(Beginning of DATA RECORDS)

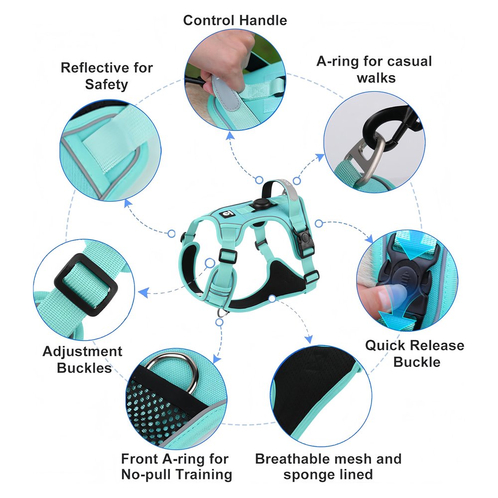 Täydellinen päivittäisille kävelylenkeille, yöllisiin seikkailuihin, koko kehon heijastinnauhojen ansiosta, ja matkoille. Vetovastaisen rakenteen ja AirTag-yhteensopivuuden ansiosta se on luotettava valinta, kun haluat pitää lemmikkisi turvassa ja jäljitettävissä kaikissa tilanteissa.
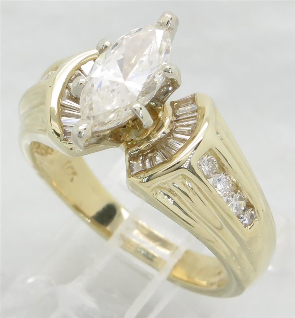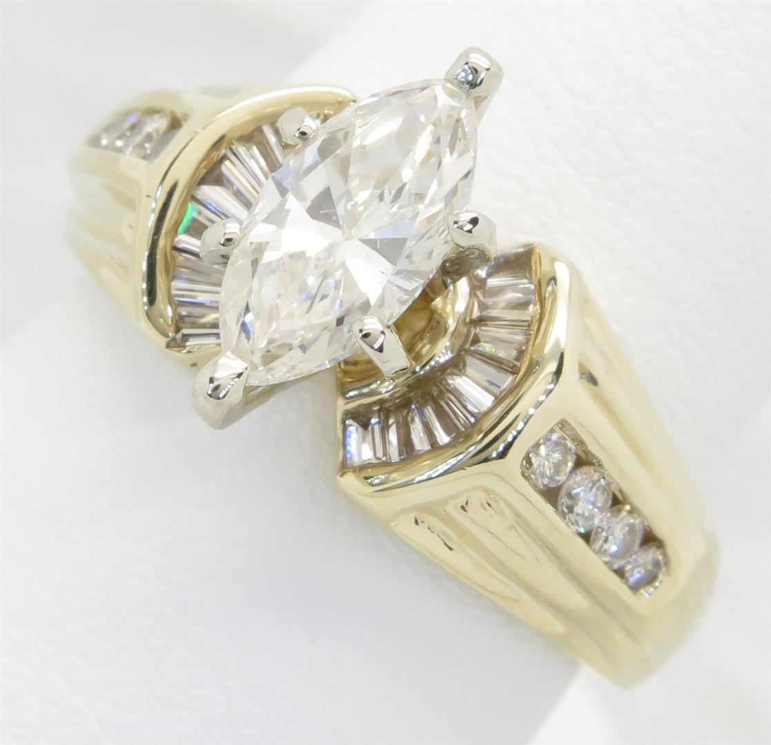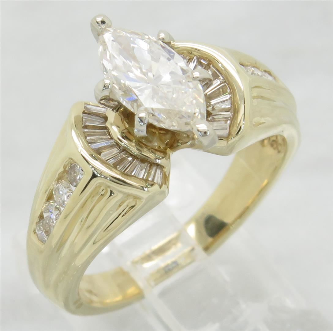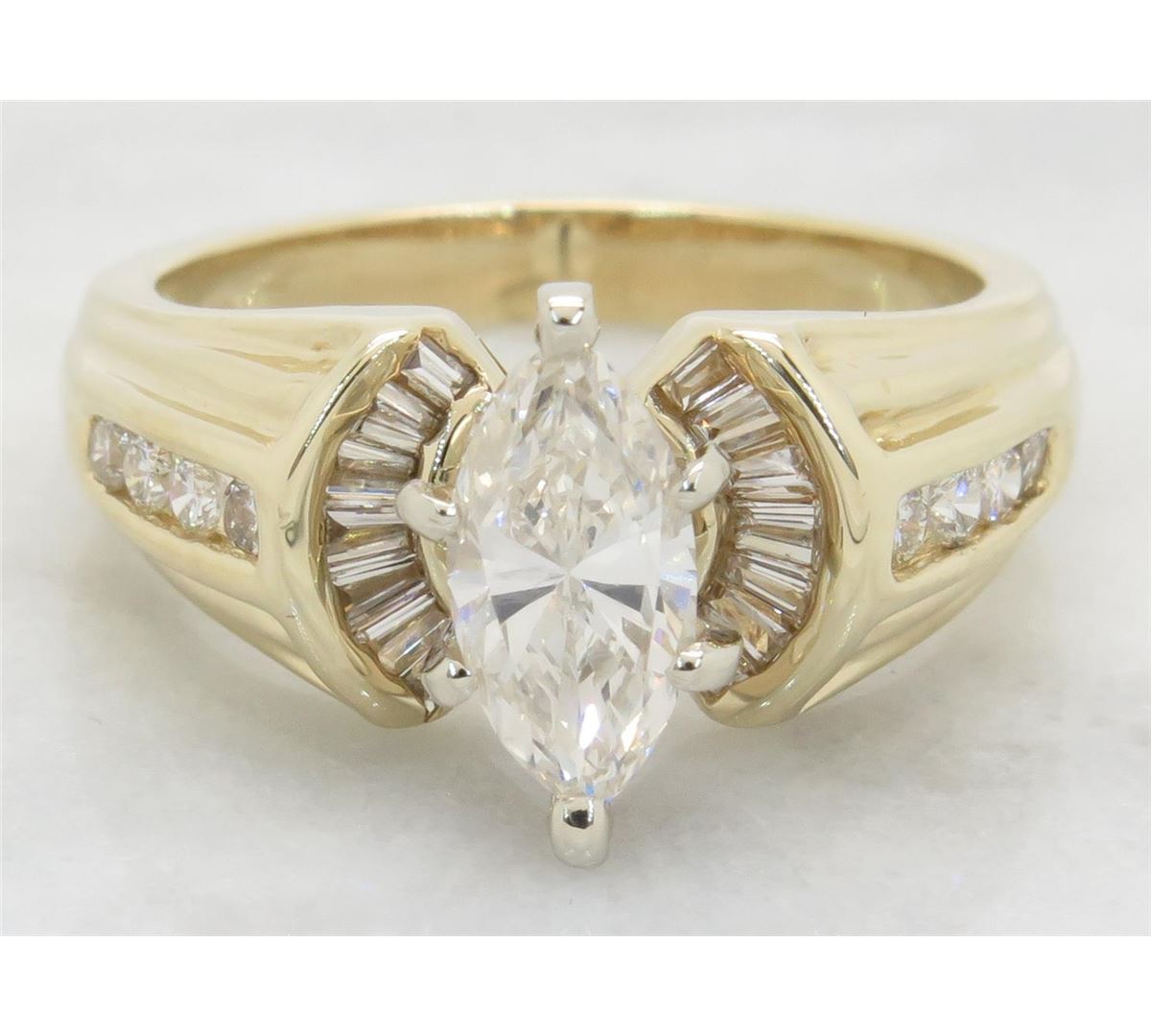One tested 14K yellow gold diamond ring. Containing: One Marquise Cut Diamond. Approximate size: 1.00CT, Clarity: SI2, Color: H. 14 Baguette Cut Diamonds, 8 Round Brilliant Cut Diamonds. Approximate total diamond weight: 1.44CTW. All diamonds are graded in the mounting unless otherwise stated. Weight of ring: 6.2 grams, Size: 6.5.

(End of DATA RECORDS)
(Beginning of DATA RECORDS)

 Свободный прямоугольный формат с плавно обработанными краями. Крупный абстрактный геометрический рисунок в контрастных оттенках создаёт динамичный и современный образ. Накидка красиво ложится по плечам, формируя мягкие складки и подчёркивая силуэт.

(End of DATA RECORDS)
(Beginning of DATA RECORDS)

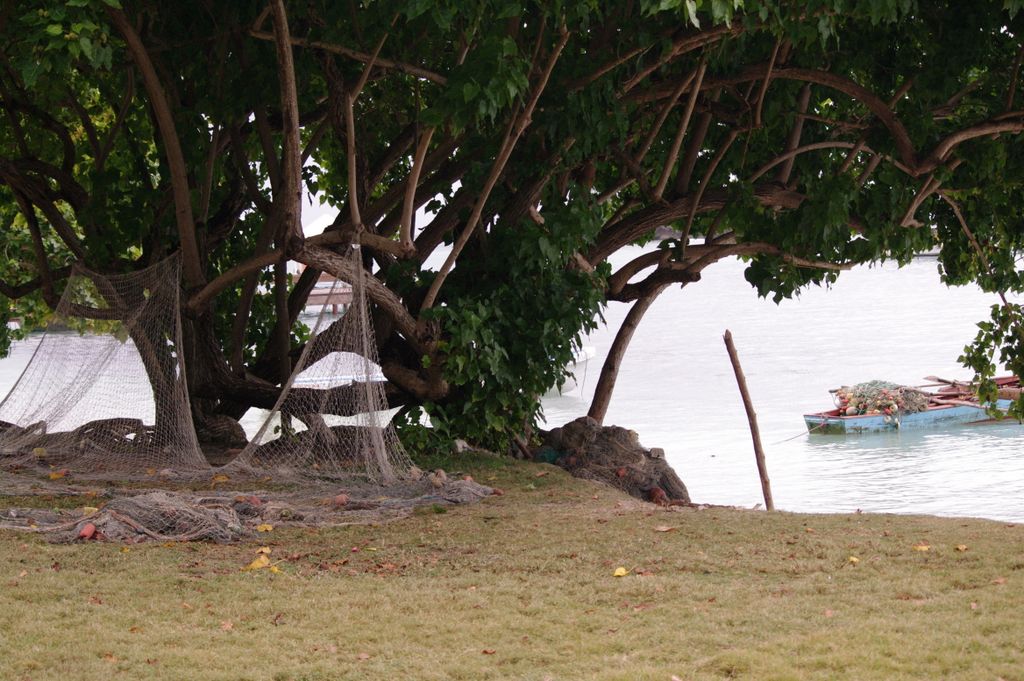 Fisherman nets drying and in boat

(End of DATA RECORDS)

PROBLEM DESCRIPTION ->
Print the part of the listing above that opens with the line containing "Täydellinen päivittäisille kävelylenkeille, yöllisiin" and closes with the line containing "One tested 14K". Copy it exactly, both ends included, and omit the pictures.

WRITTEN SOLUTION ->
 Täydellinen päivittäisille kävelylenkeille, yöllisiin seikkailuihin, koko kehon heijastinnauhojen ansiosta, ja matkoille. Vetovastaisen rakenteen ja AirTag-yhteensopivuuden ansiosta se on luotettava valinta, kun haluat pitää lemmikkisi turvassa ja jäljitettävissä kaikissa tilanteissa.
One tested 14K yellow gold diamond ring. Containing: One Marquise Cut Diamond. Approximate size: 1.00CT, Clarity: SI2, Color: H. 14 Baguette Cut Diamonds, 8 Round Brilliant Cut Diamonds. Approximate total diamond weight: 1.44CTW. All diamonds are graded in the mounting unless otherwise stated. Weight of ring: 6.2 grams, Size: 6.5.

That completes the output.